- Born: 25 June 1816 Neuteich, West Prussia, German Confederation
- Died: 12 August 1896 (aged 80) Neuhäuser (Samland), East Prussia, Germany
- Occupations: Teacher Politician
- Political party: DFP (Progressives)
- Spouse: Louise Friedmann (1828–1901)
- Children: Margarethe Dickert (b. 1852) Georg Dickert (1855–1904)

= Julius Dickert =

Julius Dickert (25 June 1816 – 12 August 1896) was a teacher from West Prussia who later entered into politics. After the Unification, he served as a Progressive member of the national Reichstag between 1871 and 1878.

==Life==
Julius Dickert was born in Neuteich, a small town then in West Prussia. He attended the protestant Gymnasium (secondary school) at Elbing, a short distance to the east, before progressing to the University of Königsberg where, starting in 1837, for three years he studied Protestant Theology then moving on to include Philology. There is a water-colour portrait of Dickert included in the contents listing Pages of Memory, a compilation of student portraits by Wilhelm Schmiedeberg who was a contemporary at Königsberg, although the portrait itself is now missing.

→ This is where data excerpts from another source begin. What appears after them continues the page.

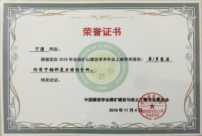张少军、丁潇两位教师在西安参加了“第40届全国矿山建设学术年会”,丁潇在分会场以《单/多离层作用下锚杆受力特性分析》为题做了发言,并与其他学者进行了交流。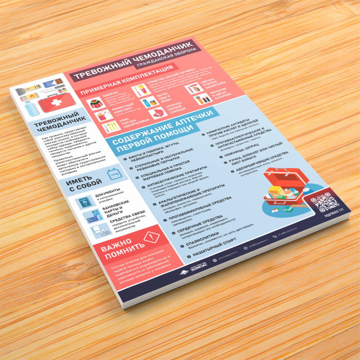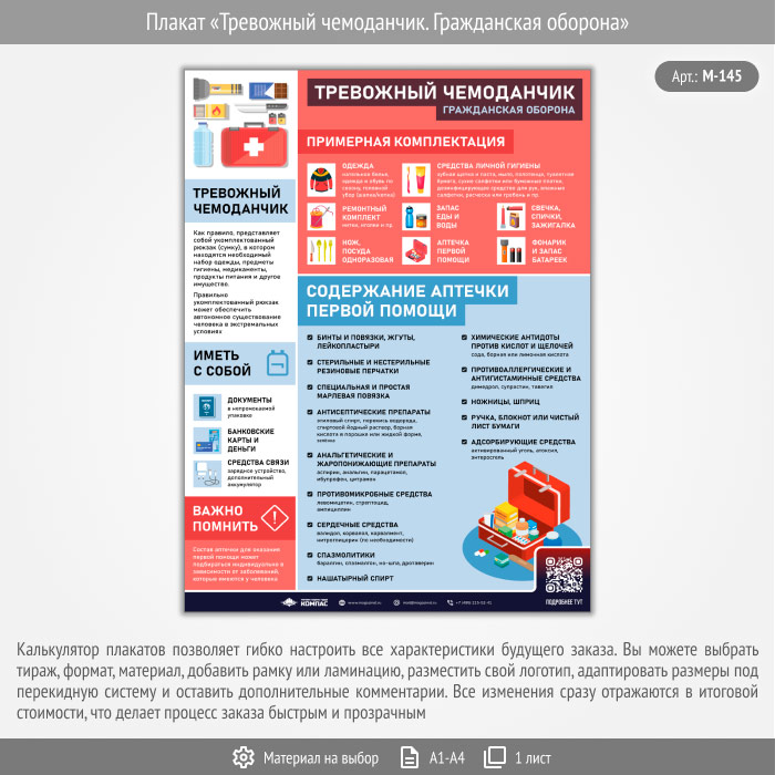 Плакат «Тревожный чемоданчик. Гражданская оборона» с QR (М-145, 1 лист) в Великом Новгороде купить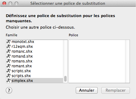 Si vous n'indiquez pas une autre police lorsque vous ouvrez un dessin contenant des polices impossibles à localiser, une boîte de dialogue s'affiche et vous permet d'indiquer une police à utiliser en remplacement de chaque police manquante.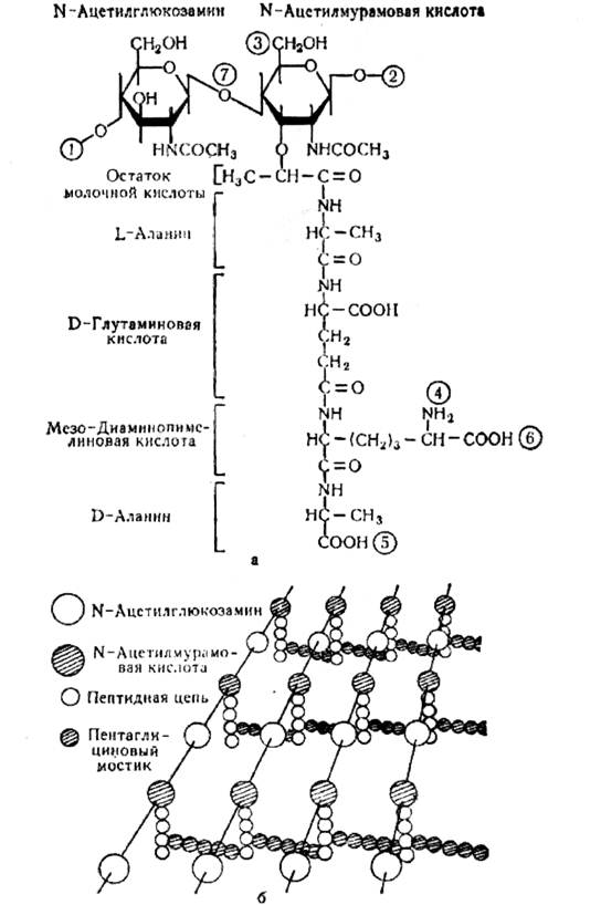 Рисунок А..2 – Повторяющаяся единица пептидогликана (а) клеточной стенки прокариот и схематическое изображение общей структуры (б)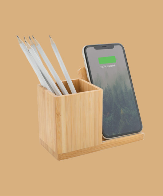 Chargeur rapide sans fil 10W avec porte-stylo fabriqué en ABS recyclé certifié RCS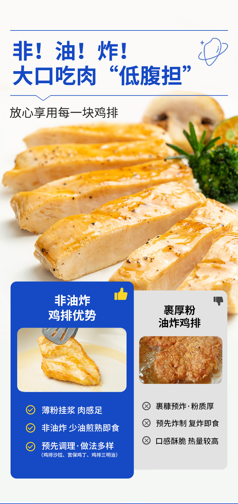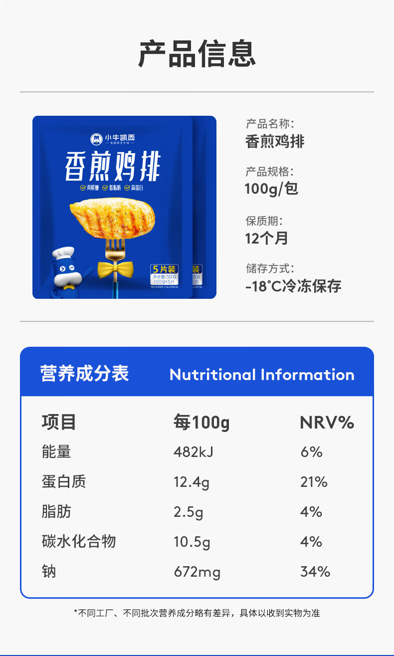 小牛凯西 香煎鸡排100g*5片 健身早餐轻食鸡胸肉 冷冻半成品空气炸锅食材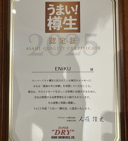アサヒビール様から認定を頂いた当店は、すべての料理がビールとベストマッチします!ぜひご堪能ください☆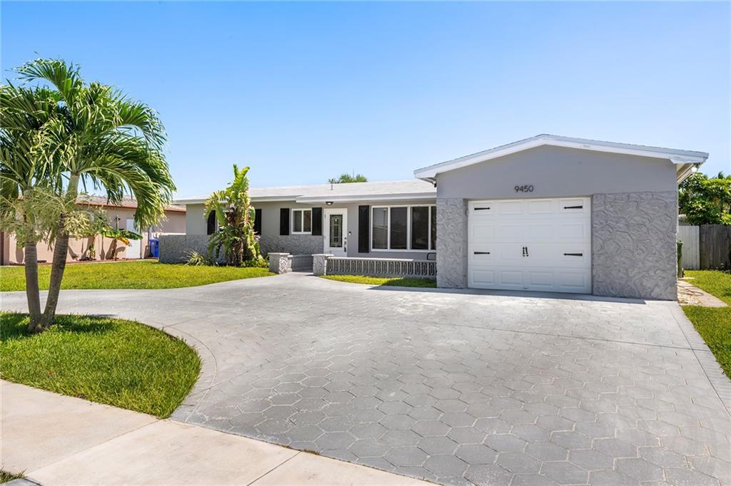 Bright, open & spacious 3 bedroom 2 bathroom 1600 sq ft home located on quiet cul-de-sac street. This home features living room-dining area, and a big Florida family room. Home has impact windows and a one car garage with overhead storage. The kitchen is updated with quartz counter tops and SS-appliances. The exterior features a spacious yard with plenty of room for a pool or just having outdoor fun, a screened in patio with a cabana bathroom. Features a stamped concrete circular driveway to park multiple cars. Roof 3 years old and A/C 5 years old, and no HOA. Closed to shopping malls, restaurants and neighborhood park including a dog park. Contact CO agent Carla for (954) 661-3086 more information or appointment to view.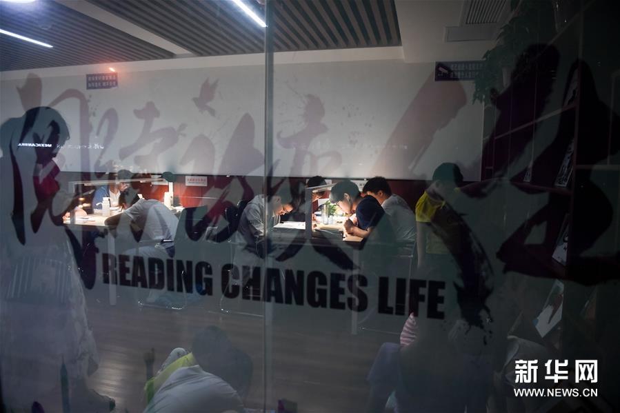 8月2日,读者在岳西县古岳书房夜读。 7月22日开始营业的安徽省岳西县古岳书房,以岳西县图书馆的馆藏资源为依托,为读者提供24小时不打烊服务,还提供免费借阅服务和自习场所,让大山里的读者享受到便捷的阅读服务。 新华社记者 张端 摄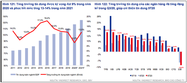 Theo đó, VNDirect dự báo tăng trưởng tín dụng đạt 9% trong năm 2020 và 13 - 14% trong năm 2021. Với kỳ vọng GDP 2020 và năm 2021 tăng lần lượt 2,8% và 7,1%, tỷ lệ tín dụng trên GDP sẽ tăng lên 117% năm 2020 và 124% năm 2021, từ mức 110% năm 2019.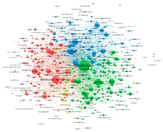 - Cluster 3 (blue) is composed of 149 terms (e.g., application, technology, challenge, development, integration, solution, security, issue, perspective, domain, smart city, combination, requirement, environment, IoT, immutability, technique, use case, decentralization, and ecosystem), and it can be referred to the “blockchain technology for lifecycle management” topic. This cluster focuses on the design, development, and implementation of BCT solutions associated with the use of industrial internet. It also informs the need to build and integrate BCT while considering the specific requirements of use cases and managing all of the potential issues ranging from the conceptualization of the solution to the maintenance and disposal of the technology. Additionally, as the authors of [11,82] explored some applications in specific target areas, the cluster suggests the need to extend the application for generalizable findings [82].

For some time after this he taught at the city's prestigious Burgschule (Castle School). In 1859 he became a city councillor: he then served as leader of the council for the ten years between 1861 and 1871. Julius Dickert participated in the war which opened the way for German political unification after 1870.

Dickert was a founder member of the Progressive Party, established in 1861 to try and preserve the hopes for political liberalism that had been disappointed after the revolutionary stirrings of 1848. The first general election of a united Germany was held in March 1871 and Dickert was elected as the member for Königsberg with nearly 55% of the constituency vote. The Progressive Party ended up with 45 of the 382 seats in the Reichstag and Dickert served on the 7th parliamentary committee during the lifetime of the parliament, which lasted till the start of 1874. He was re-elected for his Königsberg seat in the 1874 general election, this time with more than 56% of the constituency vote, although nationally the Progressive Party's share of the vote was barely changed. He won the seat again in the 1877, now aged 60, with a further increase in vote share. However, the life of the 1877 parliament was cut short at the instigation of the Chancellor, and after the 1878 general election Königsberg was represented in the Reichstag not by a Progressive but by Otto Stellter of the Free Conservative Party.